Mondros Mütarekesi sonrasında şehir İngilizlere teslim edilirken bölük komutanının “İçinizden isteyen memleketine avdet edebilir, ama beni dinlerseniz sizden tek isteğim var: Kudüs bize Sultan Selim Han Hazretleri´nin yadigârıdır. Siz burada nöbeti sürdürün.” demesi üzerine şehirde kalmaya karar veren Onbaşı Hasan, 1917 yılından vefat ettiği 1982 yılına kadar her gün yamalı üniformasını giyerek sabah namazıyla Mescid-i Aksa’ya gelerek yatsı namazına kadar nöbet tutmaya devam etti. Onbaşı Hasan’ı gazeteci İlhan Bardakçı şöyle anlatıyor:

"(Mescid-i Aksa´da) Avlunun kenarında biri dikkatimi çekti. Doksan yaşlarında bir adam. Üzerinde kendinden daha yaşlı bir asker üniforması; her yanı yama içinde, hatta bazı yamaların bile tekrar yamanmış olduğu bir elbise... Asırlık ağaçların gövdesindeki halkalar misali yamaları yaşını göstermeye çalışıyordu sanki. Orada ayakta bekliyordu, sırtına zorla yapıştırılmış gibi duran hafif kamburu da olmasa dimdik duracaktı. İki metreye yakın boyu ile yaşlıydı ama bir o kadar da vakur. Şaşırmıştım.

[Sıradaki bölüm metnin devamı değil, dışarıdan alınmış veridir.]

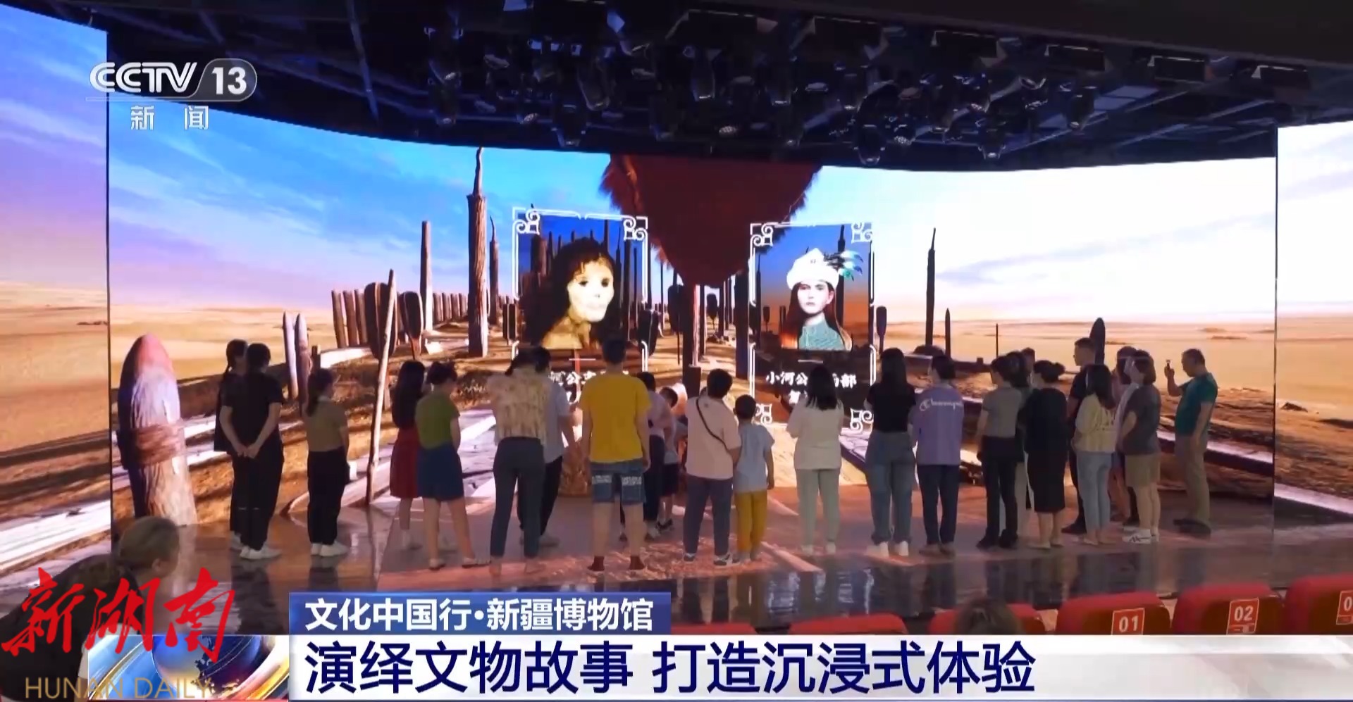 站在新疆博物馆四楼数字化体验厅,灯光熄灭,落地大屏幕亮起,4000年前的小河墓地出现在眼前。“数字博物馆沉浸式体验项目”借助虚拟现实、体感交互等,全景还原了楼兰古城、小河墓地、克孜尔石窟等,让观众“身临其境”。
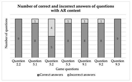In addition to the game analysis, it is also essential to identify and evaluate the challenges associated with the exploration of AR content. Figure 7 presents a comparison of the number of groups that correctly or incorrectly answered each question relating to AR.

´Acaba bu adam bu sıcakta güneş altında neden dikilip duruyor´ dedim içimden. Bizi gezdiren rehbere sordum; ´Ben kendimi bildim bileli her gün buraya gelir. Akşama kadar bekler. Ne kimseyi dinler ne de kimseyle konuşur´ dedi."

Onbaşı Hasan’ın da vefat etmesiyle Türk askerinin Kudüs nöbeti sona ermiş oldu. Iğdırlı Hasan belki bir onbaşıydı ama yüklendiği sorumluluk Türk milletinin her ferdi adına üstlenilmiş kutsal bir vazifeydi. Onbaşı Hasan öldü ama nöbetinin manevî sorumluluğu Türk milletinin üzerindedir.